Dr Roopali recalls that as a six-year-old, she had visited Bolpur with her mother and sister to celebrate Durga Puja. It’s a story of innocence, wonder and amazement of a child’s world – an exclusive for Different Truths.
UNESCO has listed Durga Puja in Kolkata as “An intangible cultural heritage of humanity.” I have not been fortunate to witness this spectacular event in Kolkata.
But I have incredible memories of Durga Puja as a six-year-old in Bolpur, about sixty kilometres from Kolkata. Those memories have tumbled out, and I have tried to recreate those childhood days, moments, and responses. Durga Puja resides in my DNA.
The train was slow, and the berths were hard. Mother took us from Jabalpur to Bolpur to visit her sister and celebrate Durga Puja with them. Father was busy soldiering.
The train passed through many places. Everything was green. A hollow sound would rise out of the river when the train crossed a bridge. Maybe the Loch Ness monster lived inside?
We had reached Bolpur. It was a famous village. Once upon a time, Robi Thakur (Rabindranath Tagore) lived here. People from all over the world came and still come to study here.
Shantiniketan, Mother says, is a university where classes are held in the open, under trees.
Since my sister and I were homeschooled, they told us many things daily.
As Bengalis call Rabindranath Tagore, Robi Thakur wrote poems and songs. He was a magician. English people wanted him. They tried to call him Sir, but he refused.
It was the month of October. Dhaak (war drums) were telling everybody that Ma Durga was coming. “Get ready. She is coming. She is coming.”
Ma Durga is the Goddess of infinite strength and has ten hands, and she rides a lion. Her eyes, they say, are like lotuses.

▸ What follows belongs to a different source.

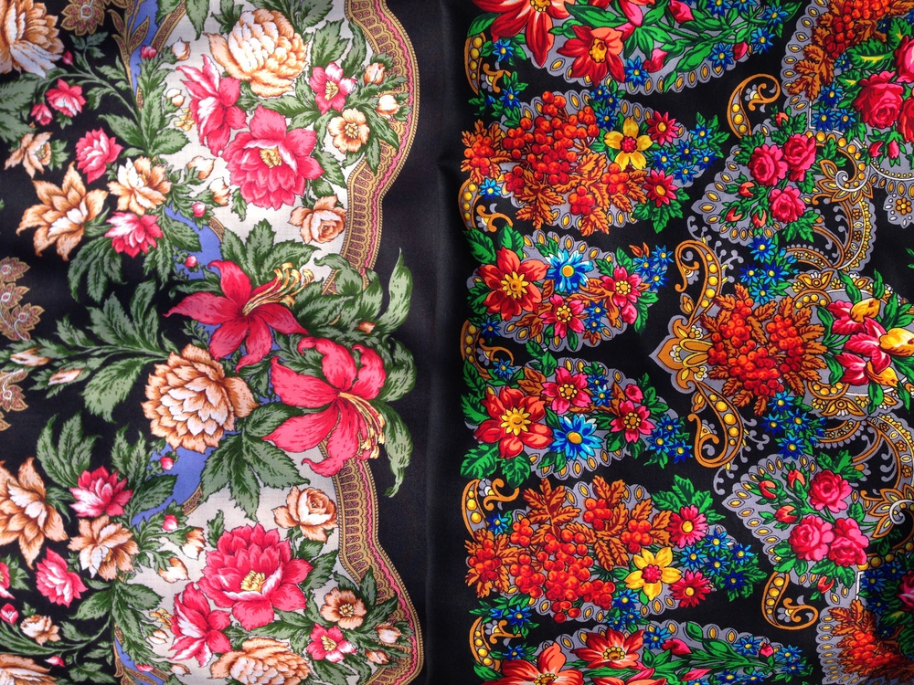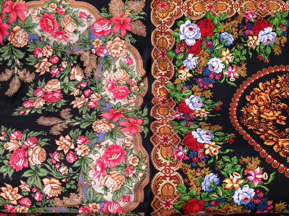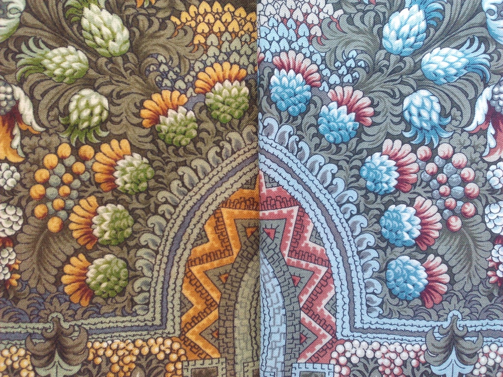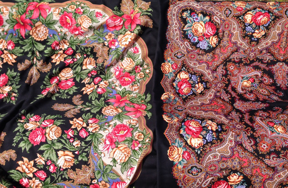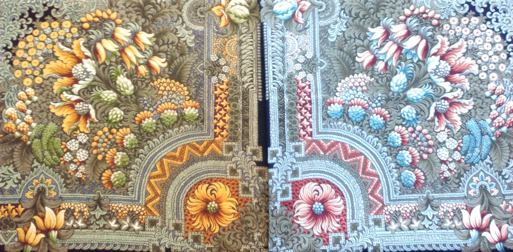 Хотя, опять же так наглядно видно, как по-разному воплощена павловопосадская классика черно-красная.

The green of the rainy months turned into bright red and orange. Women were pasting red powder called sindur on their foreheads. They were busy colouring the soles of their feet red and wrapping their wrists in red bangles. They were dressed up like brides.
Haru Maama, their mother’s brother, returned from the big city called Kolkata. The English people call it Calcutta. Why do English people not pronounce anything correctly? Haru Maama was permanently grumbling about this or that. He didn’t speak any English except when he was angry. Then he would say, “bladdy phool”. It made him feel very important. We kids didn’t like him.
From Kolkata, he brought two small flat bottles filled with the red liquid Aalta. Only if you are married can you open the bottle and use it.
Mother, Mishti maima, Moyna mashi and Joya didi all began to colour their feet. Ma Durga was coming.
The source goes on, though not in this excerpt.